Most worrying, however, is the use of conspiracy theories as a tool to attack minority groups. While the conspirators vary between different theories, there is one group in particular that has for centuries faced blame for an enormous variety of upheavals, tragedies and calamities, both historical and mythic. Antisemitism is central to conspiracy theory to such a degree that, sometimes, the role of the supposed Jewish conspirators is implicitly understood and does not need to be named. Implicit antisemitic undertones of a theory can therefore be discussed without risk of deterring those without the same understanding. That is not to say that outright Jew-hatred is hard to find. Antisemitic tropes are rarely far removed from a diverse array of conspiratorial notions concerning, for example, 9/11, the refugee crisis or even climate change, and made relatively clear in the conspiracy theories surrounding Jewish philanthropist George Soros and the Rothschild family.

The persistence of antisemitism within the 21stcentury conspiracy scene partly stems from its status as a “taboo”. As Barkun writes, for many conspiracy theorists “the greater the stigma, the more attractive the source becomes, for the intensity of rejection is its truthfulness”.


Always, and especially in times of crisis, it is vital that we can critique our leaders, to prevent these times turning into opportunities to limit our rights and freedoms – as has already been the case in Hungary. Conspiracy theory is however vastly different from reasoned critique and scrutiny and, if anything, risks standing in the way of rather than helping such an effort.

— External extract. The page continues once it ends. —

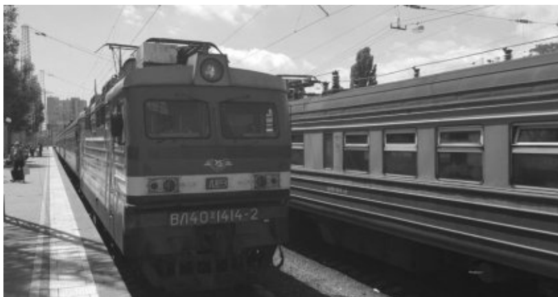
Unser Zug nach der Ankunft in Odessa

noch so ein abtrünniger Staat befindet. Und schon kurze Zeit nach dem Halt in der Transnistrischen Hauptstadt Tiraspol kamen die ukrainischen Zollbeamten in den Zug und wir waren in der Ukraine. Der Komfort im Zug war auch eher bescheiden, erinnerten die Holzbänke in den Wagen doch eher an den SBB-Standard in der dritten Klasse zu Beginn des 20. Jahrhunderts.

While it is easy to discard conspiracy theory as harmless and eccentric, its threat should not be taken lightly. Doing so requires us to look at belief in conspiracy theory in multiple different ways, from how it spreads to what could make one vulnerable to it. How to tackle conspiracy theory is not a question purely concerned with the transmission of information but with what conspiracy theory gives to people and why some find it more attractive than others. The role of conspiracy theory as a community and how it provides meaning and explanation in bewildering times are factors that need to be taken into account.